Data records
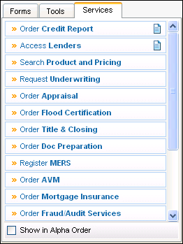 The ICE Mortgage Technology Partner Network connects Encompass to online service lenders and service providers. When you place orders through the ICE Mortgage Technology Partner Network, a record of the transaction is created in the Log. You can order services from the Services tab and certain loan forms.
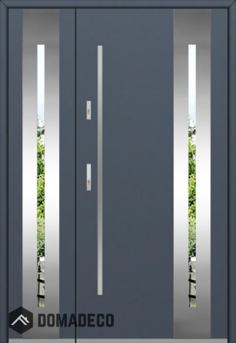 The door is made of stainless steel. Inside it is filled with PUR polyurethane foam and wood. The thickness of the door leaf is 54mm. Dual sealing system - one seal is in the dap of the frame and the other is located in the supporting part of the door leaf. They reduce vibration and protect your house from losing the heat. They don't change their volume under the influence of atmospheric conditions. The door frame has anti-burglar reinforcements in hinge parts and locking points.
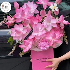 荷花花束花盒抱抱桶触感皮纹方盒简约英文花艺插花礼盒包装纸盒
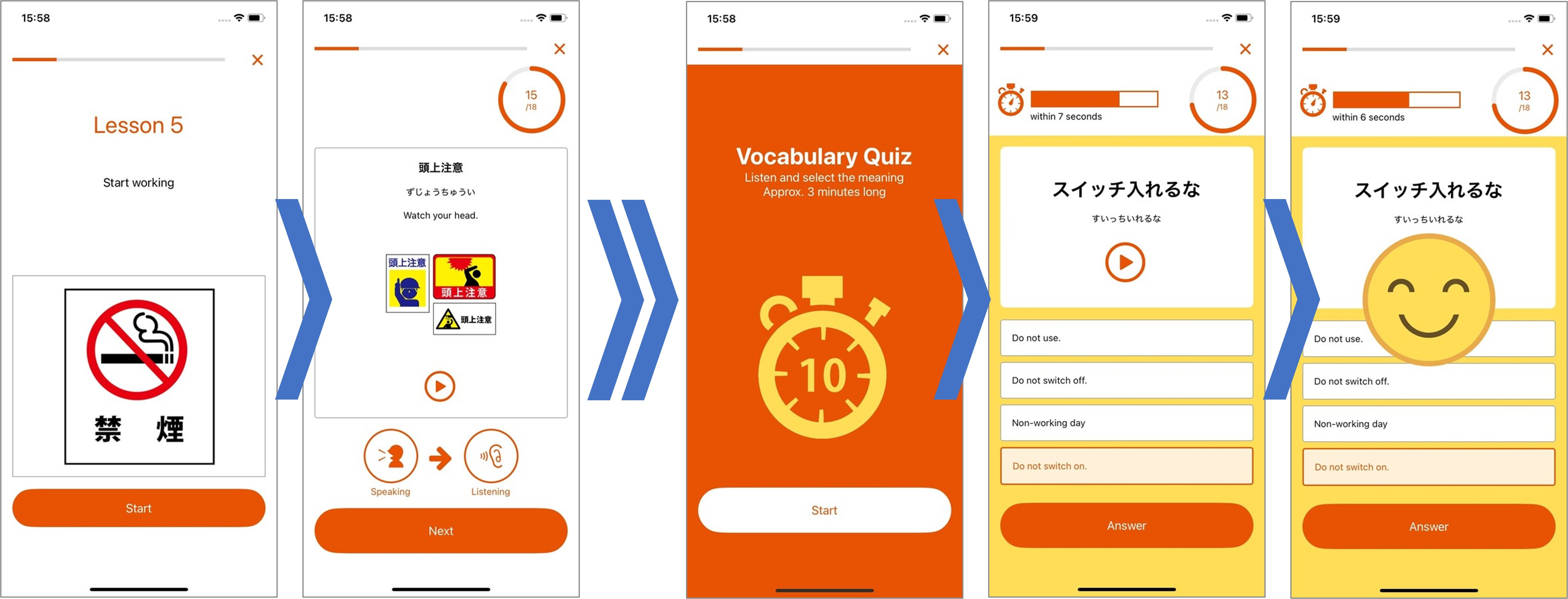 - 「げんばのかいわ」や「げんばのことば」では、仕事の現場で使用される会話を聞いたり話したりして、ことばや表現を学びます。会話の内容や学んだことばや表現を確認するためのクイズもあります。
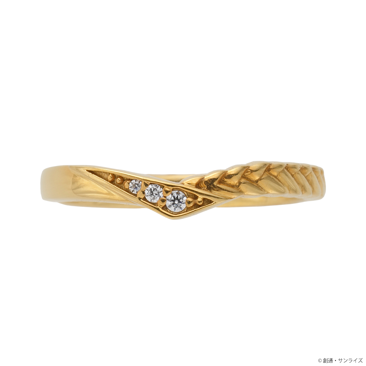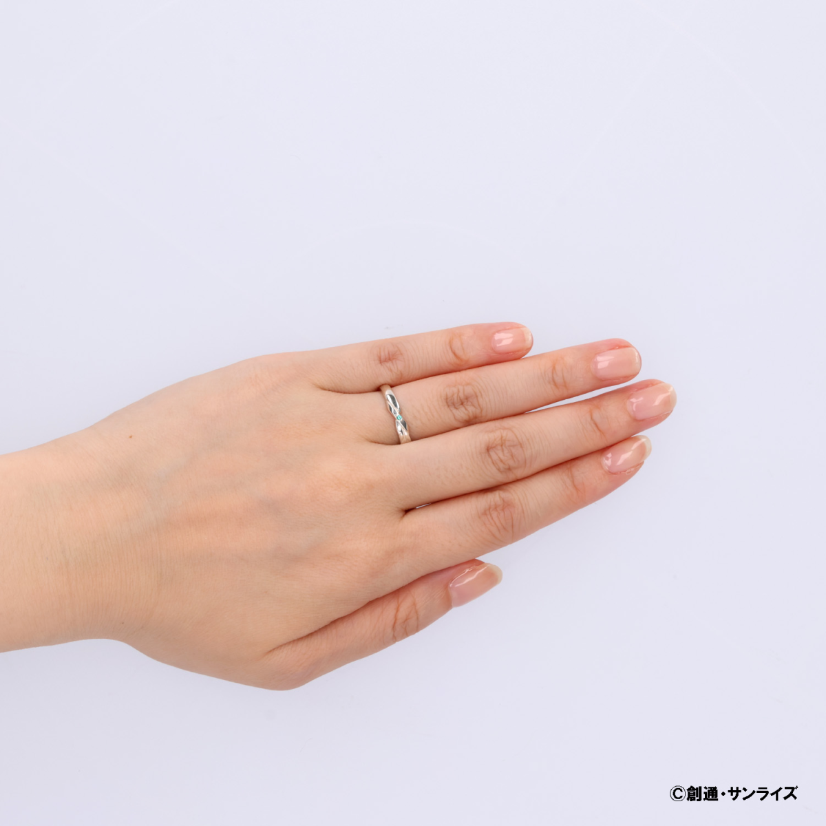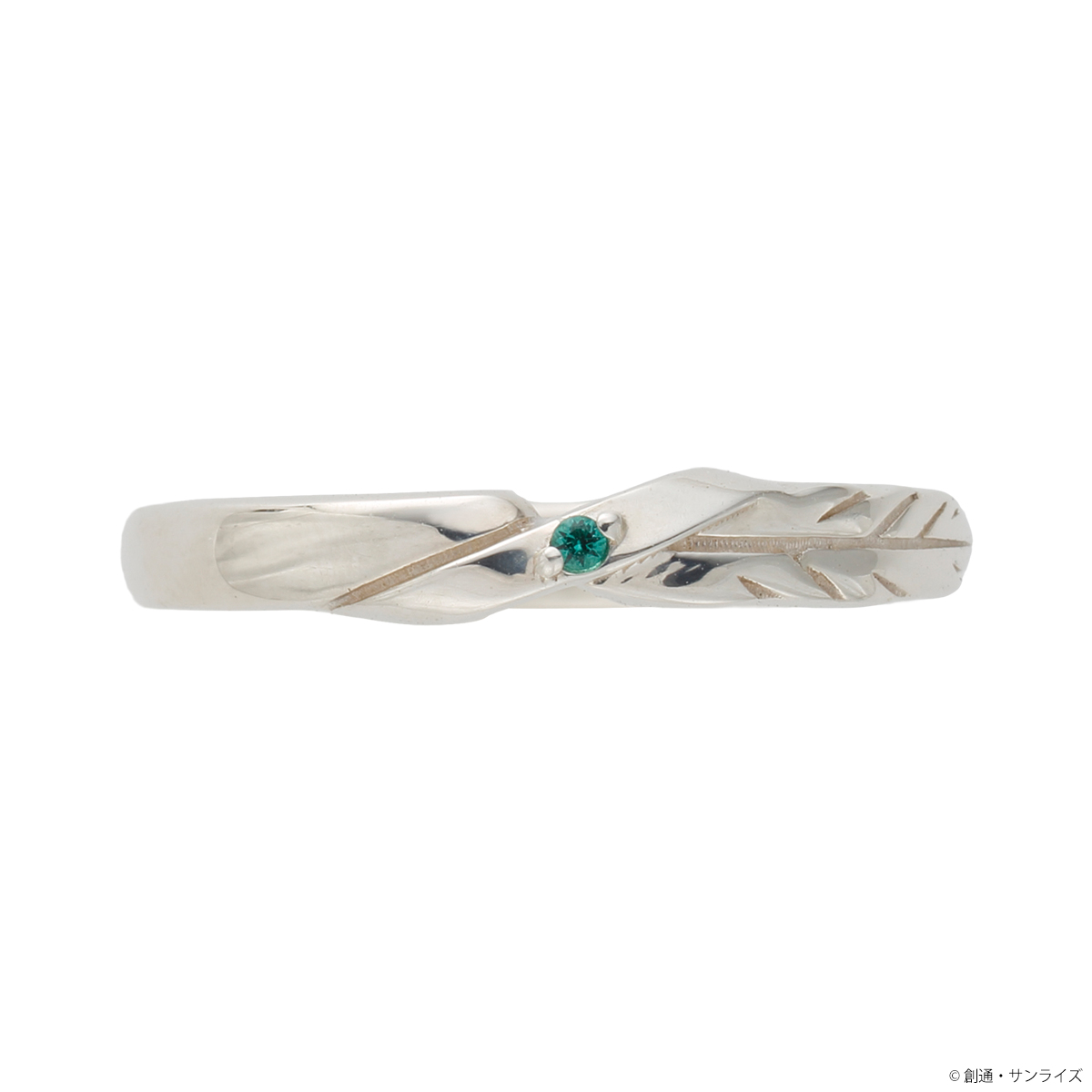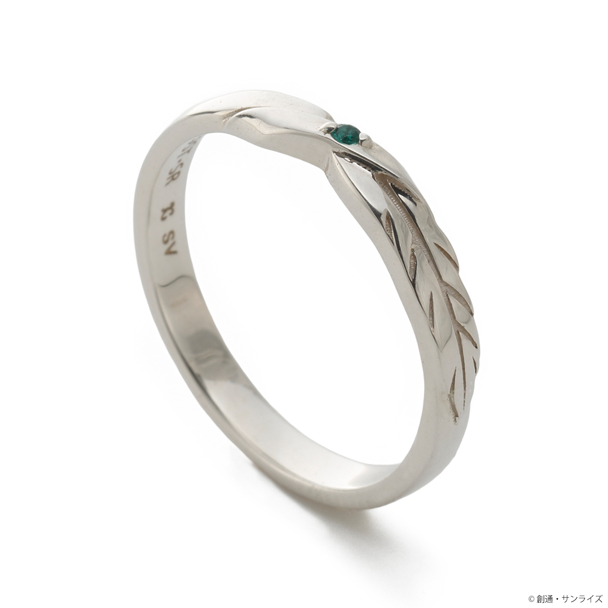 這款是為了慶祝鋼彈W 30週年而推出的紀念戒指。希洛款設計走簡潔有型風,戒身以立體的姿態建構,加上羽毛元素點綴,呼應他駕駛的「飛翼鋼彈零式特裝型」。中間鑲有一顆藍綠色寶石,代表他常穿的背心配色,內圈則刻有「HEERO YUY」的名字,簡單低調又不失韻味!

Problem details:
What you return must match, character for character, the lines above from the one with "The door is" through the one with "荷花花束花盒抱抱桶触感皮纹方盒简约英文花艺插花礼盒包装纸盒", minus any pictures.

Reply:
 The door is made of stainless steel. Inside it is filled with PUR polyurethane foam and wood. The thickness of the door leaf is 54mm. Dual sealing system - one seal is in the dap of the frame and the other is located in the supporting part of the door leaf. They reduce vibration and protect your house from losing the heat. They don't change their volume under the influence of atmospheric conditions. The door frame has anti-burglar reinforcements in hinge parts and locking points.
 荷花花束花盒抱抱桶触感皮纹方盒简约英文花艺插花礼盒包装纸盒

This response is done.